On the basis of the preceding discussion, I hypothesize that public assistance history and relationship context will each increase the odds of a nonresident parent’s (1) having a formal child support order, (2) accumulating child support debt, and (3) being jailed for child support noncompliance.
Data and Method
Data Source
Data come from four waves of the FFCW, when focal children were ages one, three, five, and nine years. FFCW is a longitudinal birth cohort sample of nearly 5,000 families from 20 U.S. cities, of which three quarters of parents were unmarried at birth. When weighted with national sampling weights, the FFCW is representative of births occurring in cities with populations larger than 200,000 between 1998 and 2000. Because of the oversample of unmarried parents, these data are ideal for studying topics related to child support. This survey also collects data on involvement with the criminal justice system. To my knowledge, the FFCW is the only national data set that measures whether an NCP has gone to jail for child support nonpayment.
Analytic Strategy
On the basis of the multistep process of jail for child support nonpayment outlined above, this analysis follows a similar logic. Within a discrete-time event history framework, I conduct a series of three logistic regressions:
Among families with nonresident fathers, what predicts having a formal child support order?
Among fathers with a formal child support order, what predicts having child support debt?
Among fathers with child support debt, what predicts jail for child support nonpayment?
I combine all waves of data and reshape the data set so that each observation represents one person-wave. Each regression is clustered by respondent ID to control for including repeated measures of the same individuals over time.

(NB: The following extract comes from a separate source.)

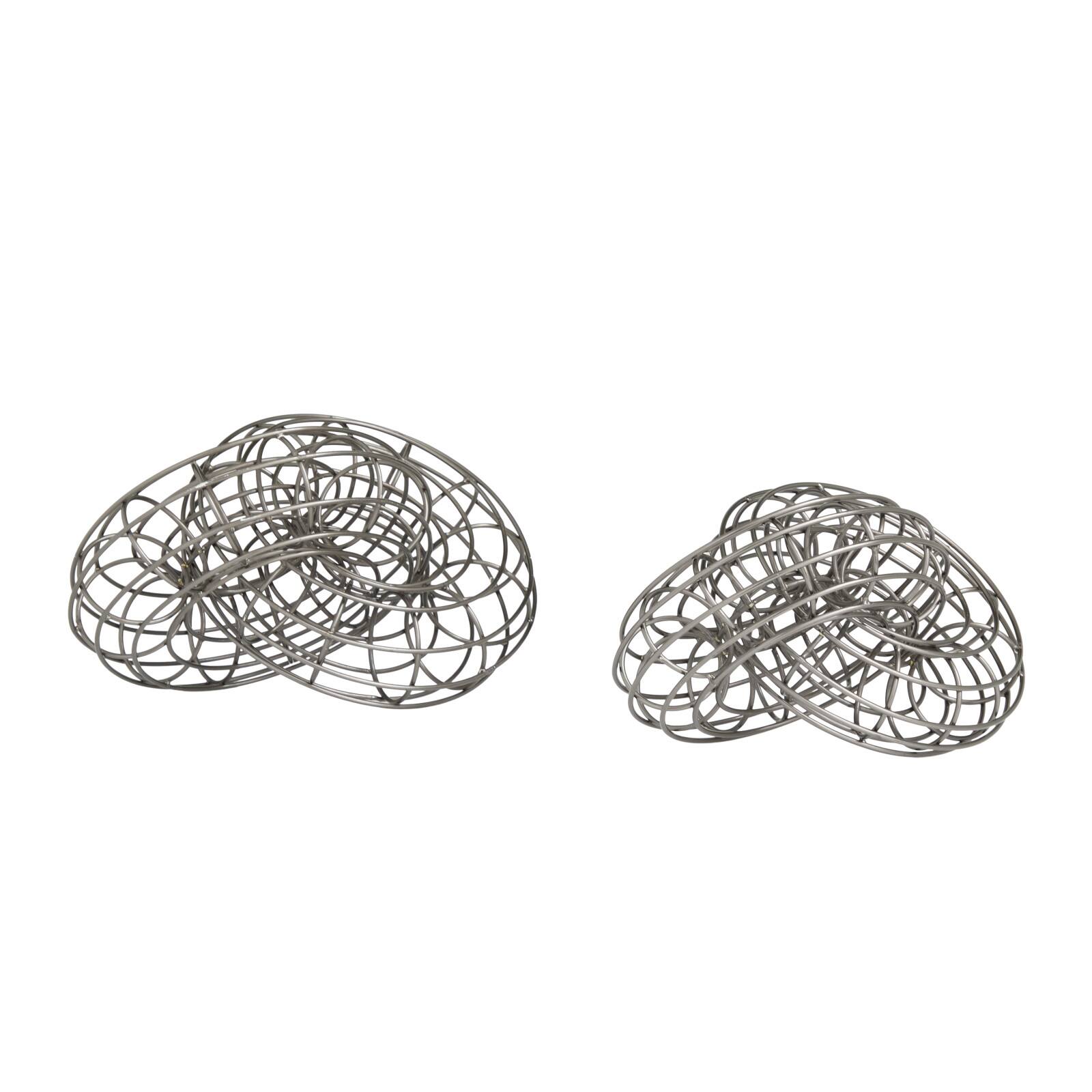 Set of 2 Grey Metal Contemporary Sculptures, 7" x 8" x 9"

This series of regressions allows me to parse out what factors affect progression through each step of the process of becoming at risk for jail for child support nonpayment. To adjust for time ordering, I conduct these regressions within a discrete-time event history framework. Results represent how each variable affects the likelihood of becoming eligible for the next stage of analysis by the next wave. At each stage, data were set for discrete-time event history analysis by identifying the dependent variable as a marker of failure and nesting repeated observations within a respondent’s ID, using the st set suite of commands in Stata 14. For each regression, I measure the impact of public assistance and relationship context. The last logistic regression is the key outcome of interest, who out of the eligible population of child support debtors is sent to jail for nonpayment.
For a father to be eligible to be sent to jail for child support nonpayment, he must (1) live apart from the mother, (2) have a formal child support order, and (3) owe child support debt (see Figure 1). Because of this, the sample for each equation is limited to those who are eligible. The first logistic regression predicting who has a formal child support order is limited to nonresident fathers, the second regression predicting child support debt is limited to those with formal child support orders, and the third regression predicting jail for child support nonpayment is limited to those with child support debt. Because my analyses focus on particular subsamples of the full FFCW, no appropriate weights exist for my samples (Turney 2011). 6 The tables I present are unweighted (Sugie 2012; Turney 2014a, 2014b; Wildeman 2010).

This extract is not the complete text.